Rising exports and falling unemployment will drive US growth in 2011 and allow the country to avoid comparisons to Japan's lost decade, Goldman Sachs Asset Management economist Jim O'Neill told CNBC.
Too many investors are still stuck in a crisis mindset and need to see the "big picture" that shows the US is poised for strong growth ahead, O'Neill said, reiterating comments he made in a note to investors.
"I think we could be in for a repeated number of surprises," he said. "As we see the year change into 2011, I think we're going to see a lot of people change their minds."
With exports driving higher and weekly jobless claims edging lower toward 400,000, that could provide the catalyst for sustained growth, he suggested.
O'Neill said that would most readily show up in consumer cyclical stocks as well as strong multinational companies.
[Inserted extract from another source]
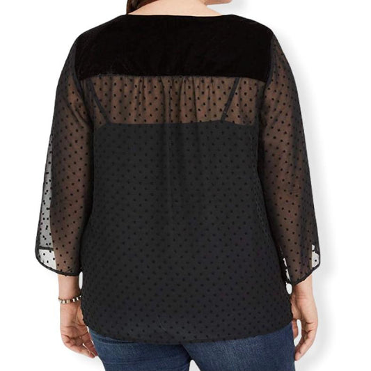 V-Neck Swiss Dot Top Plus Size Women's Blouses

He is projecting GDP that could eclipse 4 percent and stock market gains of 20 percent for the year ahead.
"It's almost like somebody sprinkled some magical powder after the midterm elections and a light suddenly came on," he said, referring to the US elections that saw Republicans take control of the House of Representatives.
The long-standing correlation between a weak dollar and a strong stock market also is breaking down, which O'Neill said points to a stronger economy overall.
"A modest recovery of the dollar on the back of rising real yields and circumstances of a stronger US economy almost definitely will lead to some breaking down of those correlations," he said. "We'll get back in some ways to a normal that we knew of yesteryear."